Is the condition curable?

“A complete cure is possible if the cause is identified and treated properly. However, enormous patience and perseverance are required on the part of the patient, as it may sometimes take months or even years for the skin to return to normal,” says Dr. Maya.

Dr. Mukta says, “Some superficial pigmentation and post-inflammatory hyperpigmentation can be improved significantly, but if it is extensive and deep, then a complete cure cannot be achieved, and the skin may not return to normal.”

But all hope is not lost. Dr. Mukta assures, “A critical part of treatment is cosmetic camouflage or the use of makeup and cosmetics to cover the affected areas. This should be part of the initial treatment along with sunscreens and lightening agents. Many patients are not well-versed with make-up techniques, or are not comfortable with the idea of using it regularly, and the guidance of an expert is appreciated.”

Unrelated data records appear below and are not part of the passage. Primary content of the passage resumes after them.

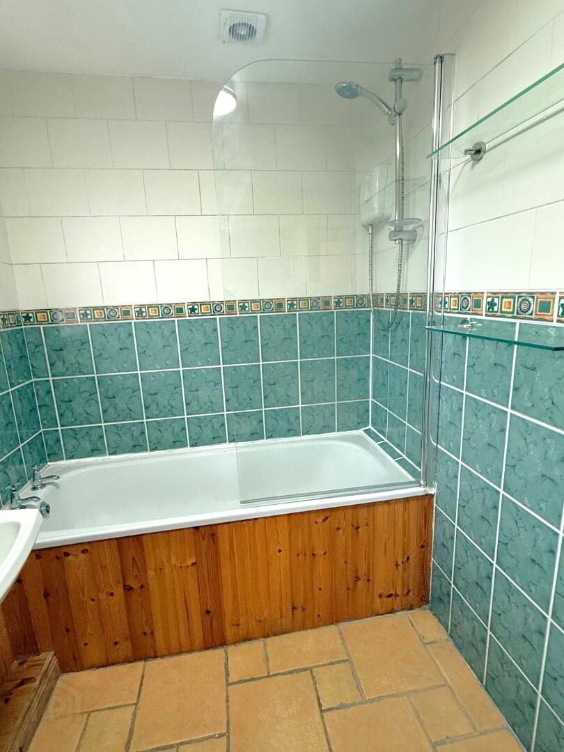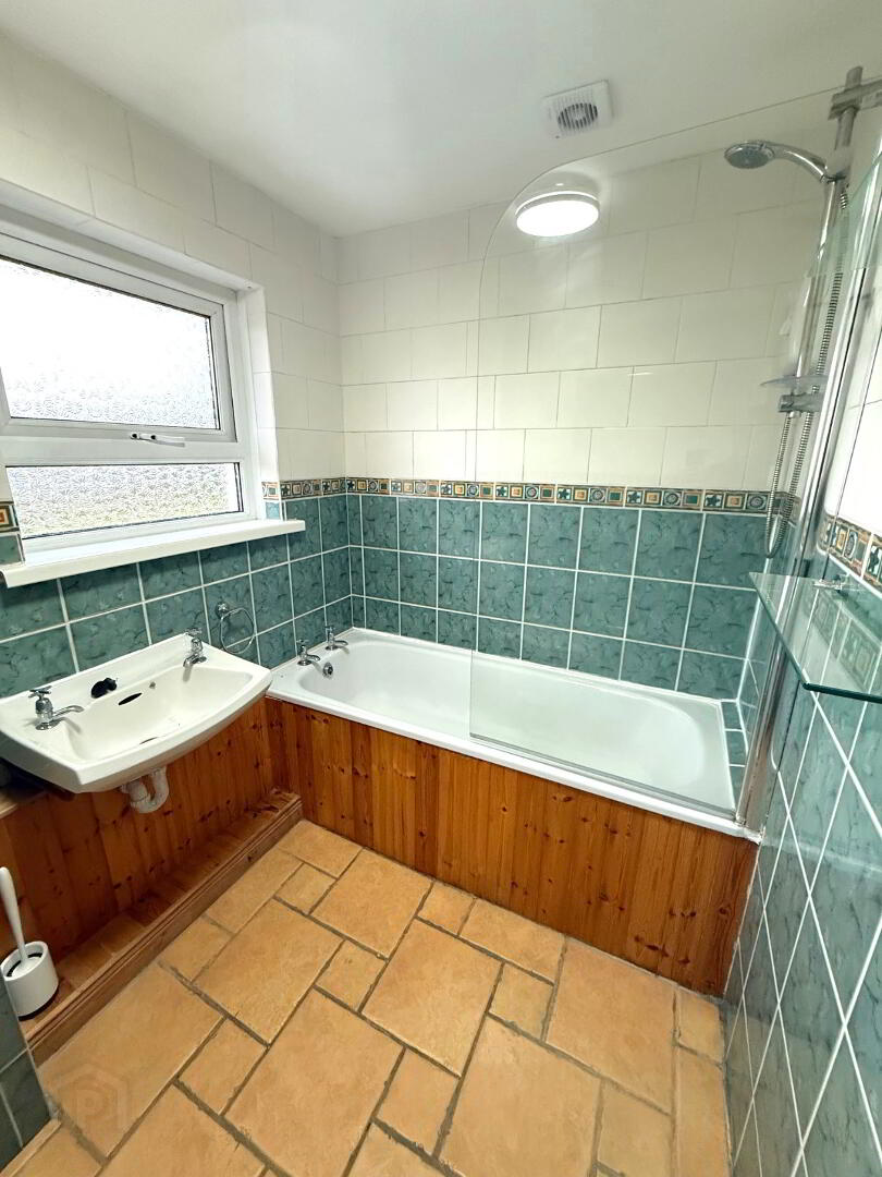Bathroom: 8’2’’ x 5’7’’ Suite includes low flush w.c., wash hand basin, bath with electric shower over, glazed shower screen, walls fully tiled and floor tiled.
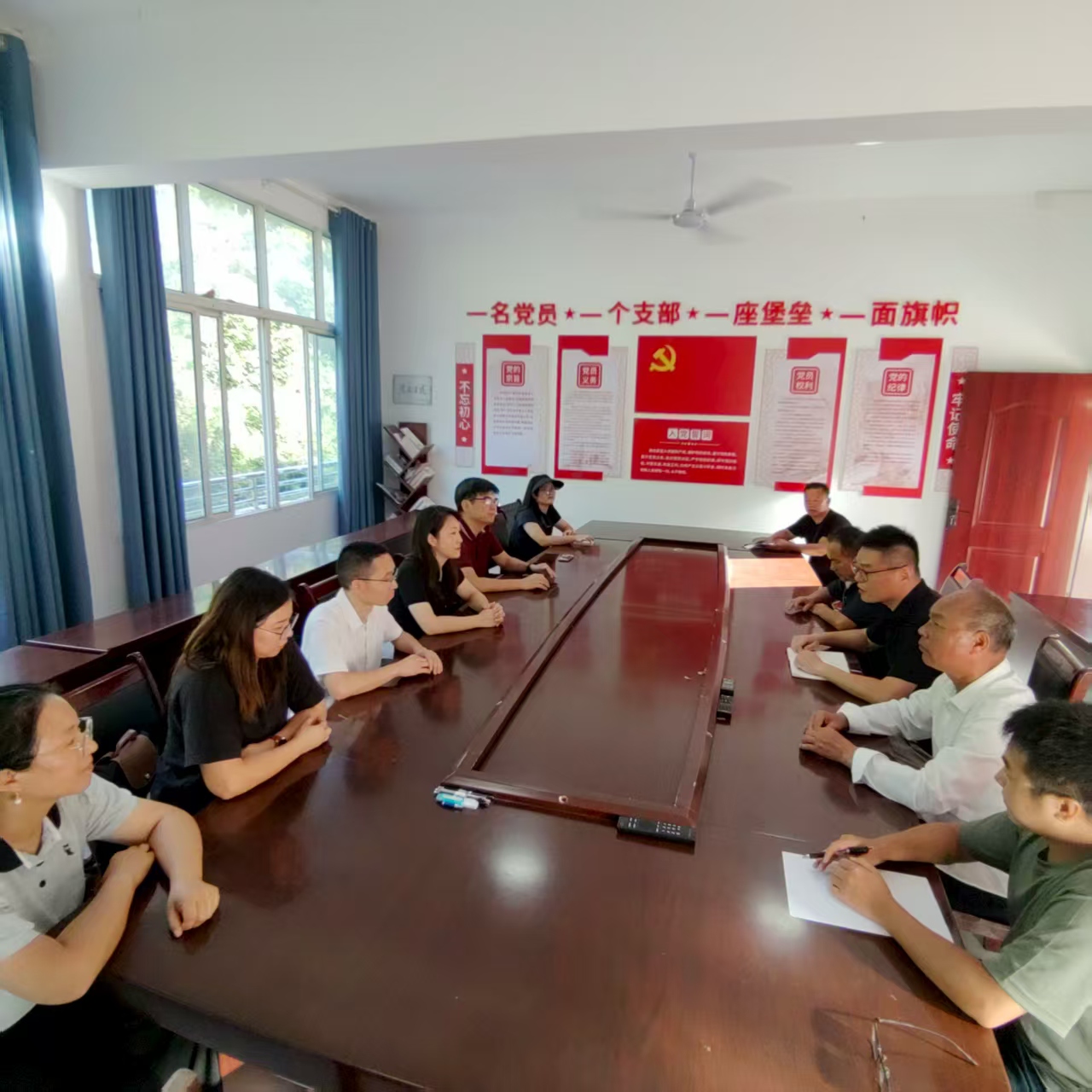 捐赠仪式后,招生就业处党支部与巫西村党支部开展支部共建交流活动。双方党支部分别介绍了基本情况,并就巫西村产业发展现状及面临困难进行深入探讨,共同寻求解决方案。
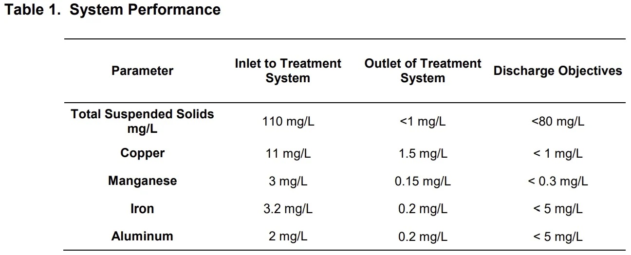 The main contaminants of concern in this application included TSS, copper, manganese, aluminum and pH.
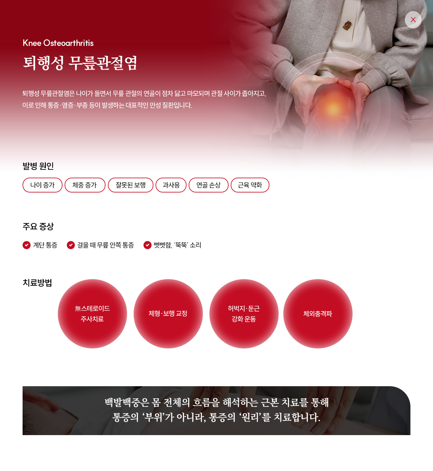 통증은 ‘무릎’에서 느껴지지만, 원인은 무릎이 아닐 수 있습니다.
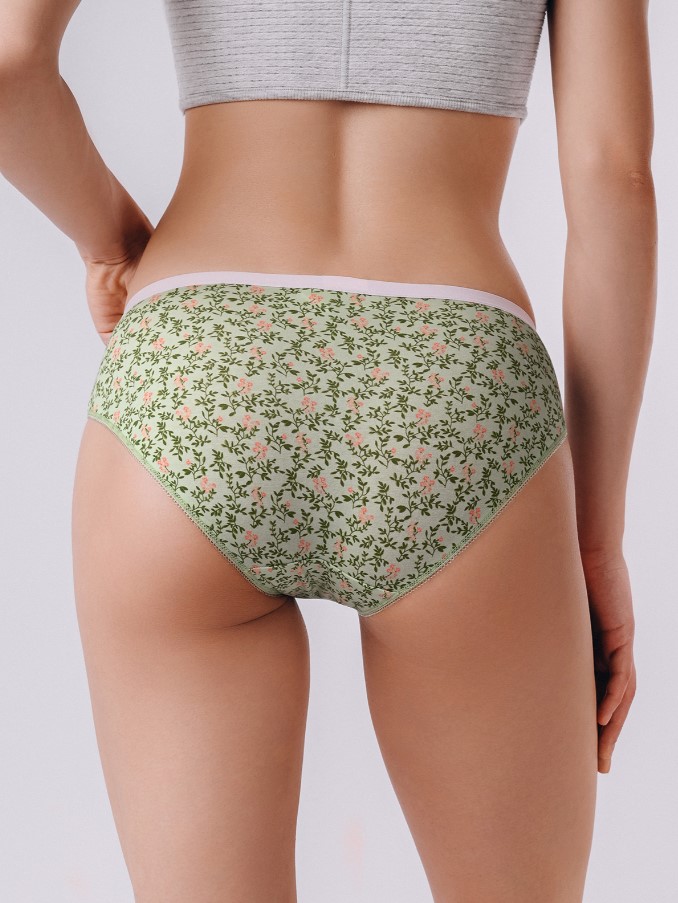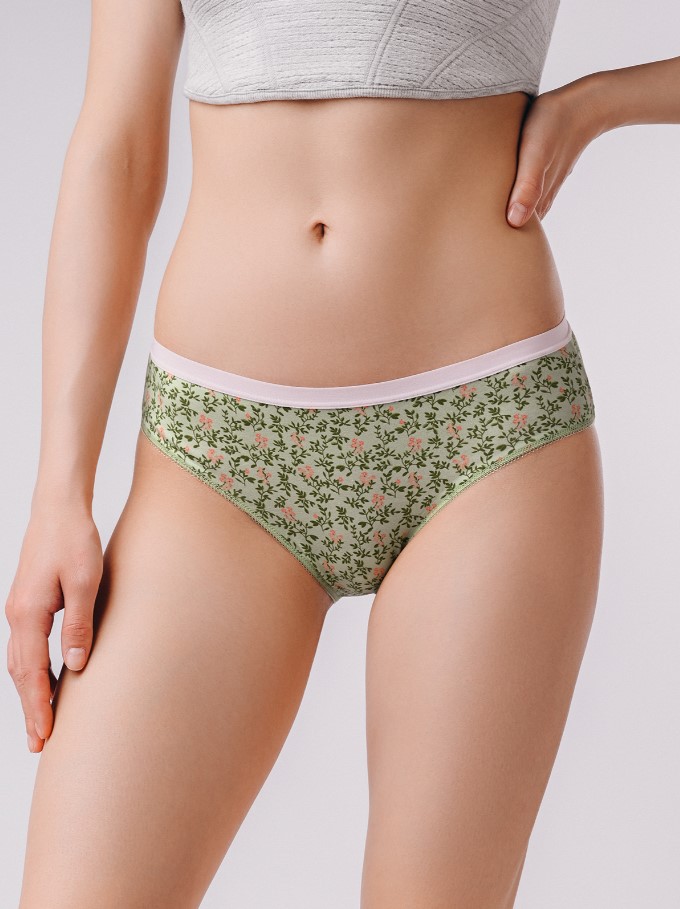 Трусы слипы женские, изготовленные из натурального хлопка, крепко прилегают к телу. Мягкая эластичная резинка на талии гарантирует комфортную посадку без давления и следов на коже. Зелёный цвет, сочетаясь с утончённым цветочным принтом, добавляет женственности и элегантности образу.
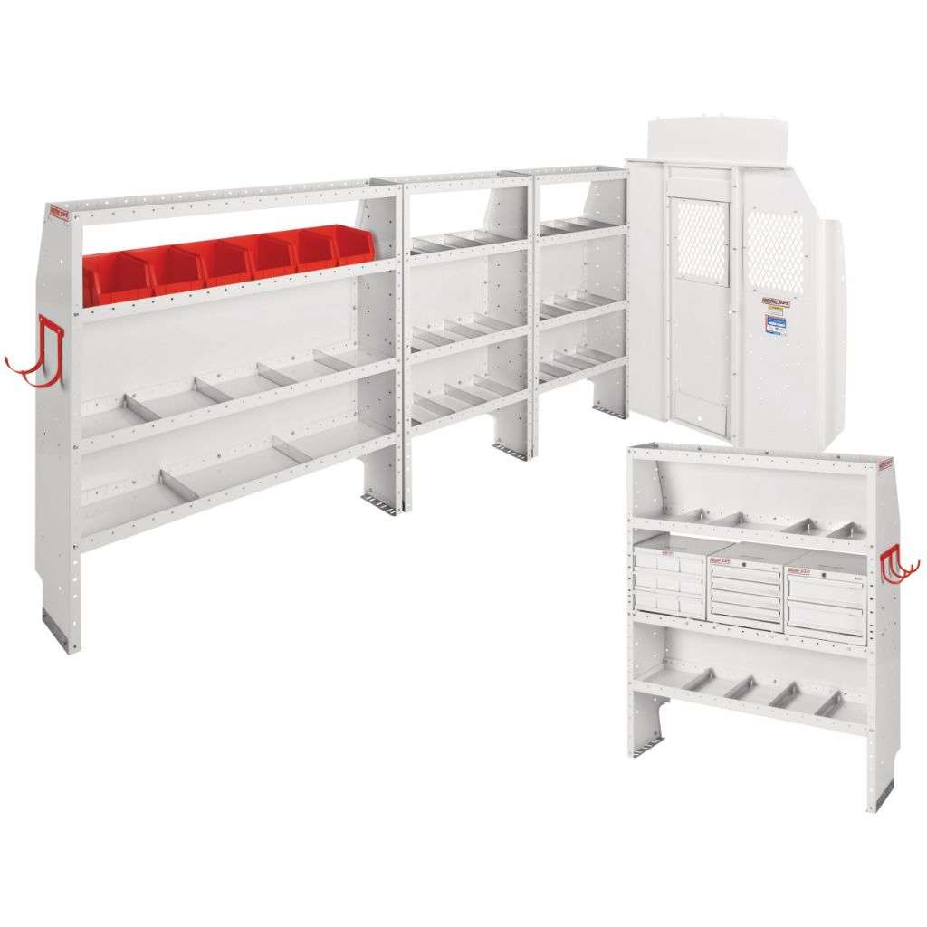 - Includes 60in high adjustable cargo van shelving and a mesh van bulkhead with swinging door kit
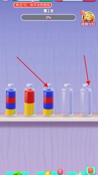 通过分层倾倒的方式让分散的同色液体逐步聚集,等所有颜色都被分离到独立容器后,系统就会触发通关动画和星级评分。
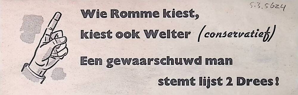 Pamflet: "Wie Romme kiest, kiest ook Welter (conserv...
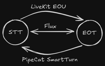 One key decision we made above is draw a distinction between when the user stops speaking (SPEECH_STOPPED) and when they have actually yielded their turn (the EndOfTurn transition). This motivated very much by how humans think during conversations; we are generally thinking of what we want to say next while listening, but that does not mean we immediately blurt it out as soon as the user is finished speaking. While Flux, as an STT model, is not simultaneously thinking of a response, the existence of the SPEECH_STOPPED state allows developers to mimic a human’s ability to be prepared to speak immediately upon EndOfTurn; upon observation of a transition to SPEECH_STOPPED , which we call EagerEndOfTurn , developers can invoke an LLM call to generate a possible response. If EndOfTurn does occur, the response is ready to go, resulting in lower latency and a more natural conversational experience, particularly for use cases where additional work (such as RAG) needs to be done before the response is ready. If the user resumes speaking, as indicated by a TurnResumed event, that response can be discarded in favor of an updated response next time speech stops.
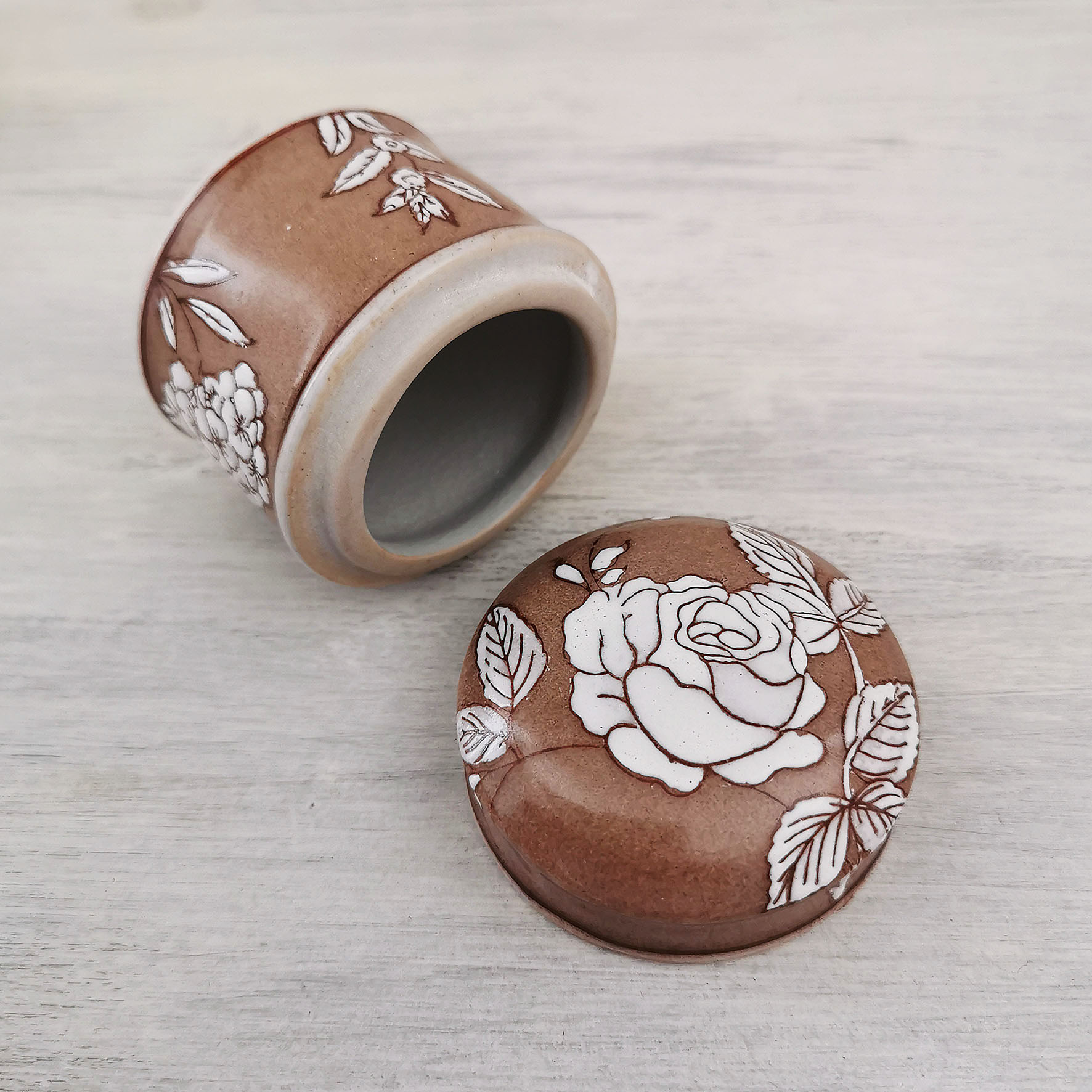Cette délicate petite boite en céramique émaillée, de forme ronde, est une création signée Jardin d’Ulysse, marque française appréciée pour son univers raffiné et bucolique. Son décor floral blanc peint à la main contraste avec le fond brun satiné, offrant un rendu doux et romantique. Probablement produite dans les années 2000 à 2010, cette boite témoigne du style chaleureux et poétique de la marque. En très bon état, elle conserve quelques traces d’usage très discrètes.

While doctors focus primarily on treating the disease, it is also important to pay attention to the emotional needs of an individual. As Dr. Maya notes, “Hyperpigmentation affects the psyche of the person deeply when patches are visible and people point out the problem to them. They shy away from social gatherings. In addition, some types of pigmentation such as melasma, which occurs on the face, is associated with a lot of myths, and in some Asian cultures, facial pigment abnormalities are associated with bad luck.”

Corroborating this, Dr. Mukta concludes, “Hyperpigmentation could lower an individual’s self-esteem. Numerous scientific studies using measurement tools and indices documenting the effects of pigmentation especially melasma, have proven that there is a reduction in the quality of life. Therefore, proper treatment of the condition is important.”